*TO DO*: With pictures left out, extract every line between the start of the records below and the line holding "ヘコむあだ名 | 『めぐっふぃ~』『牛乳』 |", inclusive.

==== RECORDS FOR THE TASK

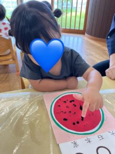お部屋ではお祭りバッグのスイカ🍉を作り!
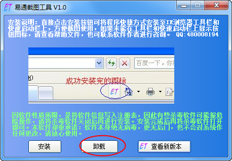 1、双击启动易通截图工具,点击【安装】按钮
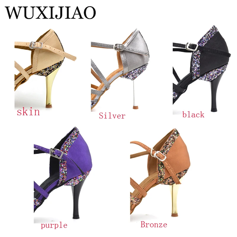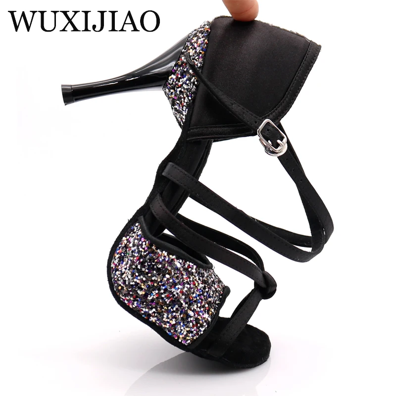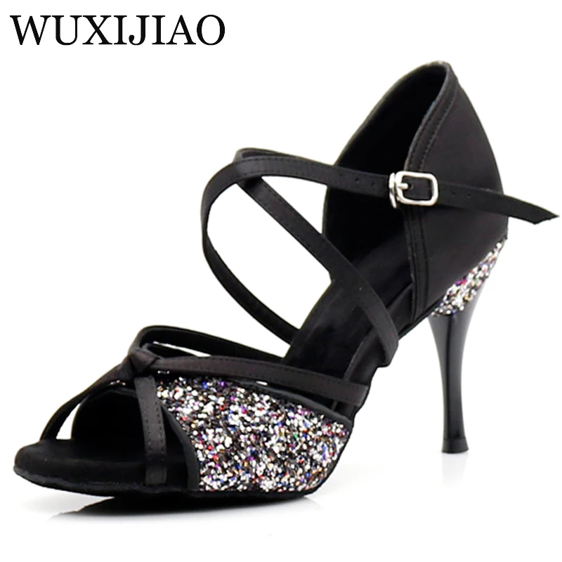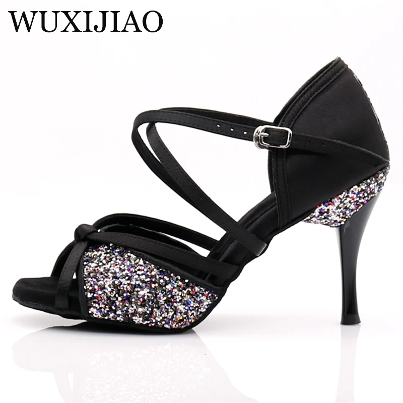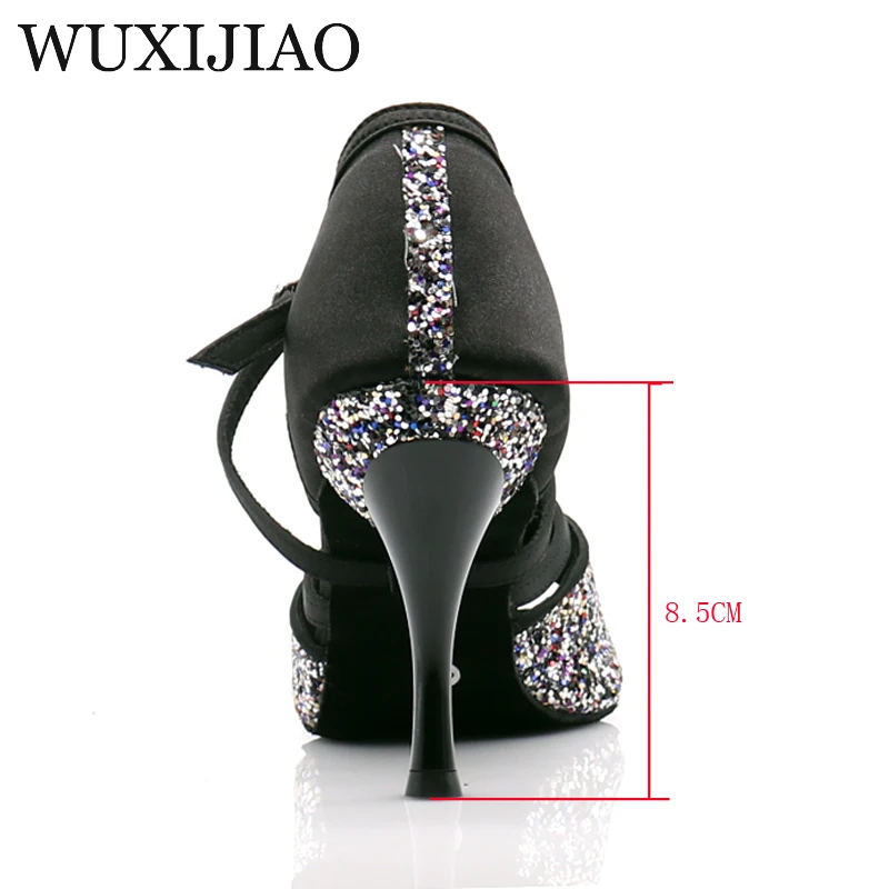 WUXIJIAOТанцевальная обувь для джаза, черная бронзовая кожа, обувь для латинских танцев для женщин, сальса, латинская Обувь для девушек, Бальные латинские туфли, каблук 8,5 см
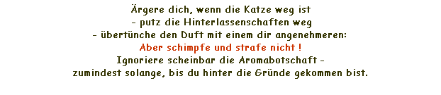 Textfeld: hat die Katze ein traumatisches Erlebnis ( Schock, Schreck, Schmerz ) auf der Toilette gehabt ?
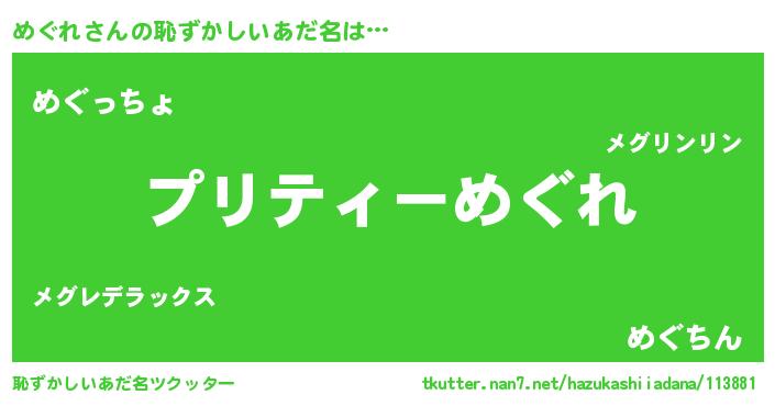 | ヘコむあだ名 | 『めぐっふぃ~』『牛乳』 |
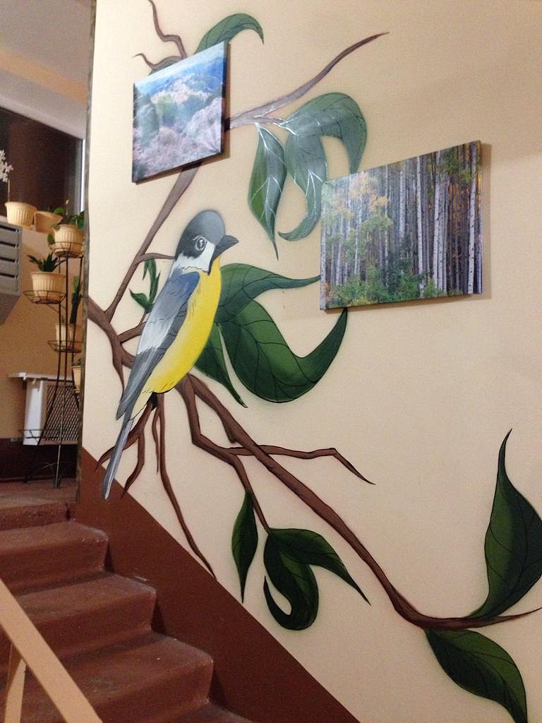 Совсем недавно этажи подъезда дополнили граффити. Теперь, весеннее настроение создают синица, снегирь и другие птицы. Эта парадная заняла второе в место в муниципальном этапе конкурса в номинации «Лучший отремонтированный подъезд с участием жителей». Об их активности знает уже весь микрорайон Климовск. Управляющая компания гордится такими жителями и всячески старается помогать.
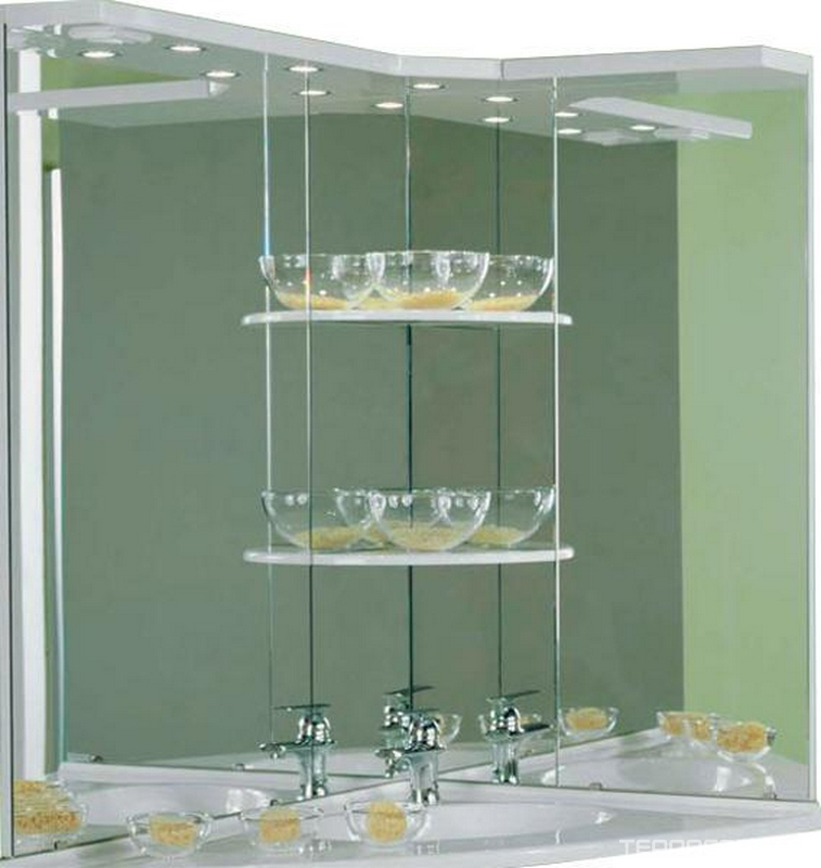 Угловое зеркало Корнер 1000*1167*297 левое, цвет белый, в комплекте светильники, полки и крепеж ZZ

========

*PROBLEM SOLUTION*:
お部屋ではお祭りバッグのスイカ🍉を作り!
 1、双击启动易通截图工具,点击【安装】按钮
 WUXIJIAOТанцевальная обувь для джаза, черная бронзовая кожа, обувь для латинских танцев для женщин, сальса, латинская Обувь для девушек, Бальные латинские туфли, каблук 8,5 см
 Textfeld: hat die Katze ein traumatisches Erlebnis ( Schock, Schreck, Schmerz ) auf der Toilette gehabt ?
 | ヘコむあだ名 | 『めぐっふぃ~』『牛乳』 |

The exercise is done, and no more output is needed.